Heinrich von Kleist no es un romántico al uso, aunque a primera vista pudiera parecerlo por su tortuosa biografía, que incluye suicidio a edad temprana (34 años), como en todo buen escritor romántico que se precie. Sin embargo, la literatura del prusiano, tan admirada por Kafka, que bien puede ser considerado su digno sucesor, presenta unas peculiaridades que lo alejan del tópico y lo convierten en un autor extraño, seductor, a lomos de su tiempo y a la vez a una distancia sugerida por la burla, la crítica, el escepticismo y un ligero coqueteo con el absurdo. La Marquesa de O no es una excepción en este cuadro, antes bien, es un texto que contiene bastantes de los ingredientes apuntados: un violador arrepentido que es conde (y que esconde, como Quevedo decía en su calambur, su falta bajo un aspecto decoroso), una marquesa que tiene ribetes de Virgen María un tanto hereje o trastornada, un hermano que bota de un lado a otro de la acción como una pelota insulsa, un padre militar que en su abnegación por la hija roza el incesto, una madre que oscila entre la convención y la rebeldía; y todo ello presentado con una solemnidad estricta que funciona como una soterrada carcajada.
A la hora de trasladar a las tablas este complejo mundo –según hemos podido ver en la Sala Pereda del Palacio de Festivales en este fin de semana–, Emilio Hernández ha optado por una versión en que la comicidad, por momentos el sainete, inundan la acción; en particular, es en la figura del padre donde más se subraya este carácter.
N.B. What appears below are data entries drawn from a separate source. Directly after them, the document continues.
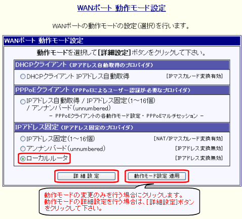 設定画面のメニューの「WANポートの設定」の中の、[WANポート 動作モード設定]をクリックして下さい。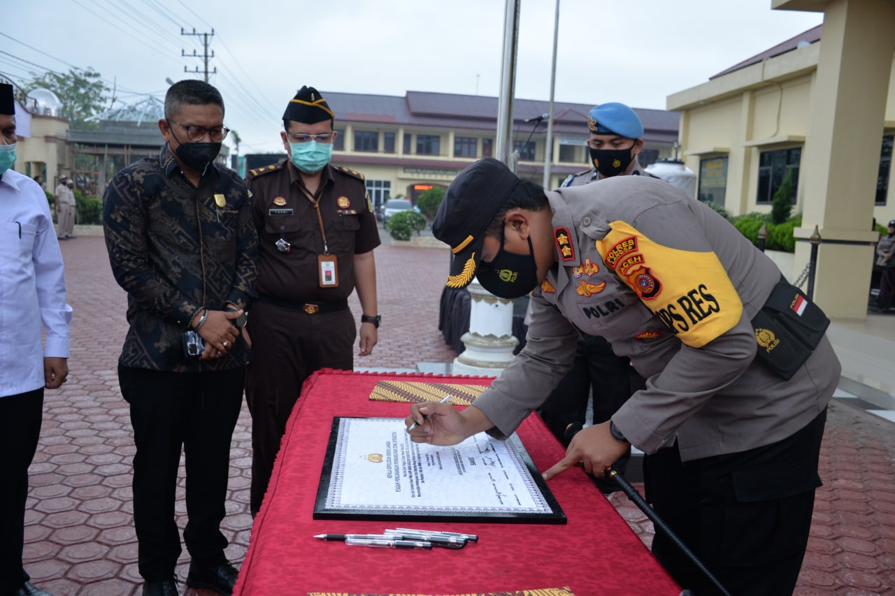 Setelah dilakukan pembacaan Deklarasi seluruh unsure Forkopimda menandatangani Piagam pencanangan Pembangunan Zona Integritas.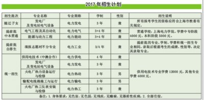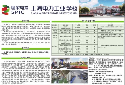 学校介绍 上海电力工业学校是一所国家级重点中专学校。学校位于上海市西南闵行区,地处紫竹国家高新技术产业园区,毗邻上海交通大学、华东师范大学、紫竹国际教育园区等重点科研院校,占地面积136亩,建筑面积逾6万平方米。 学校设有电力技术开放实训中心、电站仿真中心、模拟变电站、300MW和600MW火电机组仿真装置、多电压等级的变电仿真装置等18个专业实验室,拥有316个实训工位的2个校内实习工厂,能满足所有电力类工种的中职教育和培训。校园信息化网络、多媒体教学设施齐全,建设有高质量的标准足球场、900座现代化多功能室内体育馆等,图书馆各类藏书达11万余册。 学校师资力量雄厚,其中中高级职称教师占72% 以上,并有一批“双师型”的专业骨干教师。 学校校训 以德育为先导、学会做人;以智育为中心、学会求知;以能力为根本、学会做事。 升学与就业 学校毕业生参加“三校生”高考,录取率历年均在95%以上,其中本科录取率在20%左右。录取的高校有:上海电力学院、上海师范大学、上海工程技术大学、上海海事学院、上海海洋大学、上海电机学院、上海第二工业大学、上海立信会计金融学院、 上海商学院、 上海立信会计学院等。 学校毕业生因良好的职业素养与扎实的岗位专业技能,在社会上广受用人单位的好评,就业率近100 %,就业稳定率在中职学校名列前茅。近几年,招聘单位多为国有企业、大中型的民营企业及外资(合资)企业,主要有:上海电力所属的各发电企业;上海临港海上风力发电有限公司;电网公司下属的变电站、检修公司等行业单位;现代交通、中铁二十四局下属地铁运营公司下属的供配电部门;上海浦东机场、虹桥机场所属供配电部门及其他国有大中型企业供配电部门;上海宝钢股份自备电厂及其供配电部门;上海新虹口市政建设有限公司;西门子高压开关公司、三菱电梯电机公司等电力设备制造企业等。 学校网址:www.shepschool.com 咨询电话:64355151(直线)或64355111转6585(分机) 咨询时间:周一到周四8:30—16:30,周五8:30—15:00 开放日:4月23日(周日)和5月6日(周六),9:00到 15:00,欢迎各位学生及家长前来我校咨询。 联系人:方老师(手机:13651731849) 郭老师(手机:13501853081) 学校地址:上海市闵行区剑川路665号 邮政编码:200240 交通:1.轨道交通5号线“剑川路站”出站,转乘公交闵吴线至“黄浦二村”。 2.上海南站乘上奉专线至上海电力工业学校。 3.公交南嘉线或莘南线至“沧源路站”,下车沿剑川路向东步行400米左右。

Igualmente, desaparece la figura comodín del hermano y, sobre todo, se invierte el desarrollo de la acción, planteando desde el primer momento lo que en el relato no se conoce hasta más o menos la mitad de su desarrollo: que el conde salvador (ángel) de la marquesa es en realidad el violador (demonio) que la dejó embarazada sin su consentimiento… al menos físico (no estamos tan seguros de la oposición del inconsciente de la marquesa). También es un cambio importante la postergación de un protagonista fundamental en el relato: el anuncio con que la marquesa solicita en la prensa, con el consiguiente escándalo, que se presente en su casa el padre de su hijo para conocerlo; y asimismo supone una intervención esencial la alteración del remate de la obra, que en el original resulta más limpio y sugerente, mientras que Hernández desciende a ofrecer una serie de explicaciones que pueden resultar innecesariamente esclarecedoras. En todo caso, debe tenerse en cuenta que el texto original de Von Kleist no es dramático en su forma, con los condicionantes que ello supone.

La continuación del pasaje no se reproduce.